▸ YOUR INSTRUCTIONS: The listing below should be reproduced exactly, with the pictures omitted.

▸ THE DATA:

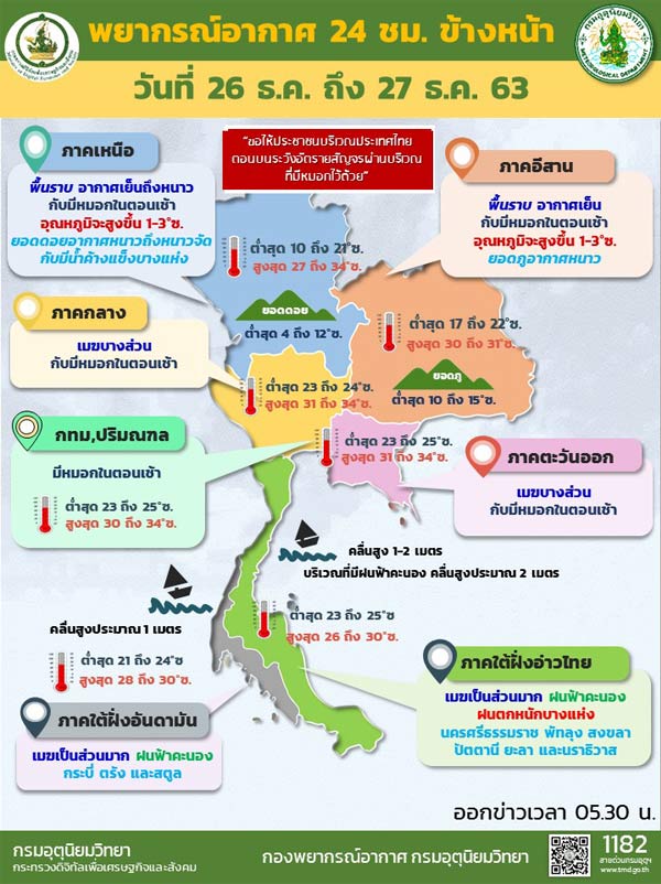 กรมอุตุนิยมวิทยา พยากรณ์อากาศ 24 ชั่วโมงข้างหน้า บริเวณความกดอากาศสูงหรือมวลอากาศเย็นที่ปกคลุมประเทศไทยตอนบนและทะเลจีนใต้มีกำลังอ่อนทำให้บริเวณดังกล่าวมีอุณหภูมิสูงขึ้น 1-3 องศาเซลเซียส กับมีหมอกในตอนเช้า แต่ยังคงมีอากาศเย็นถึงหนาวในภาคเหนือและภาคตะวันออกเฉียงเหนือส่วนบริเวณยอดดอยและยอดภูมีอากาศหนาวถึงหนาวจัดและมีน้ำค้างแข็งบางพื้นที่ ขอให้ประชาชนบริเวณประเทศไทยตอนบนระวังอัตรายสัญจรผ่านบริเวณที่มีหมอกไว้ด้วย สำหรับมรสุมตะวันออกเฉียงเหนือที่พัดปกคลุมอ่าวไทยและภาคใต้มีกำลังอ่อนลง ทำให้ภาคใต้ยังคงมีฝนตกหนักบางแห่ง สำหรับกรุงเทพมหานครและปริมณฑล มีหมอกในตอนเช้า อุณหภูมิต่ำสุด 23-25 องศาเซลเซียส อุณหภูมิสูงสุด 30-34 องศาเซลเซียสลมตะวันออกเฉียงเหนือ ความเร็ว 10-20 กม./ชม.
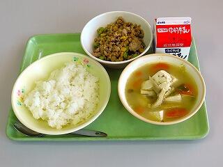 今日使用している宮崎県産の食材は、米、牛乳、ごぼう、豆腐、豚ミンチ、干ししいたけです。宮崎県は肉や魚、野菜、果物などいろいろなものの生産が盛んです。地域の恵みに感謝して、おいしくいただきましょう。そぼろ丼はお好みで、そぼろをごはんにかけて食べてくださいね。
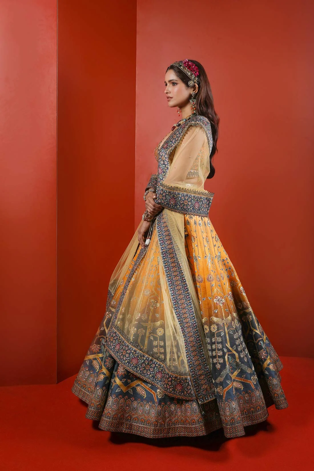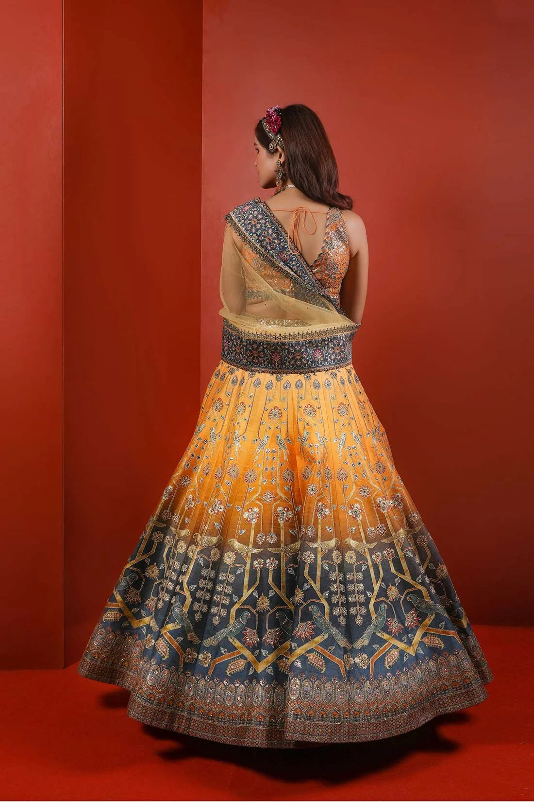 YELLOW TO BLUE OMBRE PRINTED LEHENGA
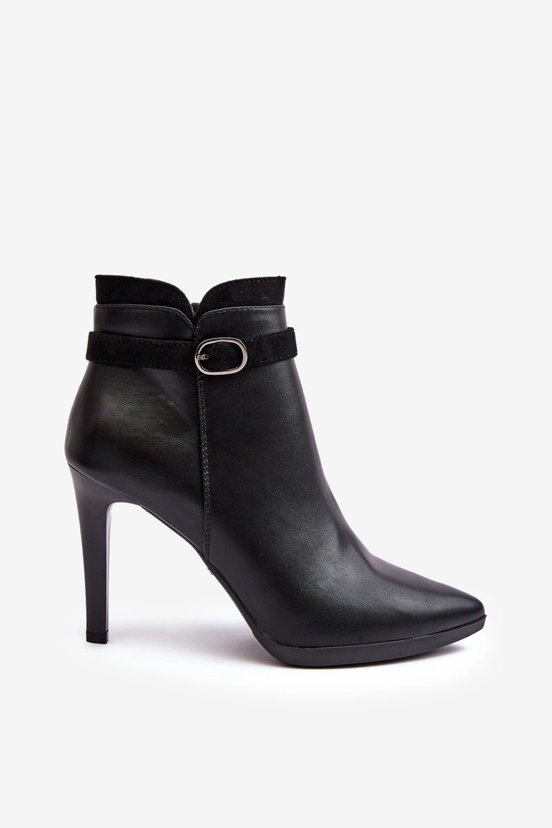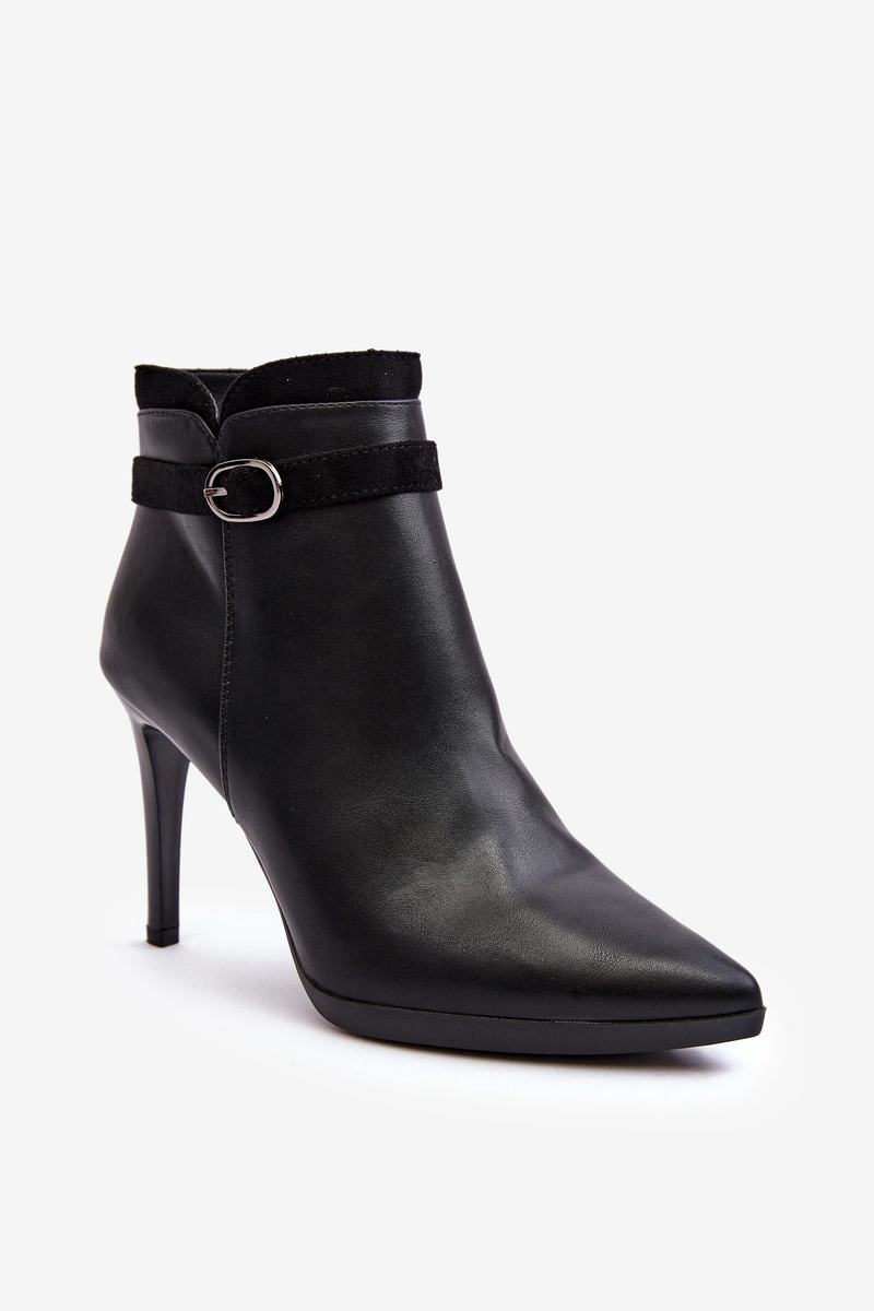 Damskie Botki Na Szpilce Z Klamrą Ocieplane Czarne Aesha

▸ TASK ANSWER:
 กรมอุตุนิยมวิทยา พยากรณ์อากาศ 24 ชั่วโมงข้างหน้า บริเวณความกดอากาศสูงหรือมวลอากาศเย็นที่ปกคลุมประเทศไทยตอนบนและทะเลจีนใต้มีกำลังอ่อนทำให้บริเวณดังกล่าวมีอุณหภูมิสูงขึ้น 1-3 องศาเซลเซียส กับมีหมอกในตอนเช้า แต่ยังคงมีอากาศเย็นถึงหนาวในภาคเหนือและภาคตะวันออกเฉียงเหนือส่วนบริเวณยอดดอยและยอดภูมีอากาศหนาวถึงหนาวจัดและมีน้ำค้างแข็งบางพื้นที่ ขอให้ประชาชนบริเวณประเทศไทยตอนบนระวังอัตรายสัญจรผ่านบริเวณที่มีหมอกไว้ด้วย สำหรับมรสุมตะวันออกเฉียงเหนือที่พัดปกคลุมอ่าวไทยและภาคใต้มีกำลังอ่อนลง ทำให้ภาคใต้ยังคงมีฝนตกหนักบางแห่ง สำหรับกรุงเทพมหานครและปริมณฑล มีหมอกในตอนเช้า อุณหภูมิต่ำสุด 23-25 องศาเซลเซียส อุณหภูมิสูงสุด 30-34 องศาเซลเซียสลมตะวันออกเฉียงเหนือ ความเร็ว 10-20 กม./ชม.
 今日使用している宮崎県産の食材は、米、牛乳、ごぼう、豆腐、豚ミンチ、干ししいたけです。宮崎県は肉や魚、野菜、果物などいろいろなものの生産が盛んです。地域の恵みに感謝して、おいしくいただきましょう。そぼろ丼はお好みで、そぼろをごはんにかけて食べてくださいね。
 YELLOW TO BLUE OMBRE PRINTED LEHENGA
 Damskie Botki Na Szpilce Z Klamrą Ocieplane Czarne Aesha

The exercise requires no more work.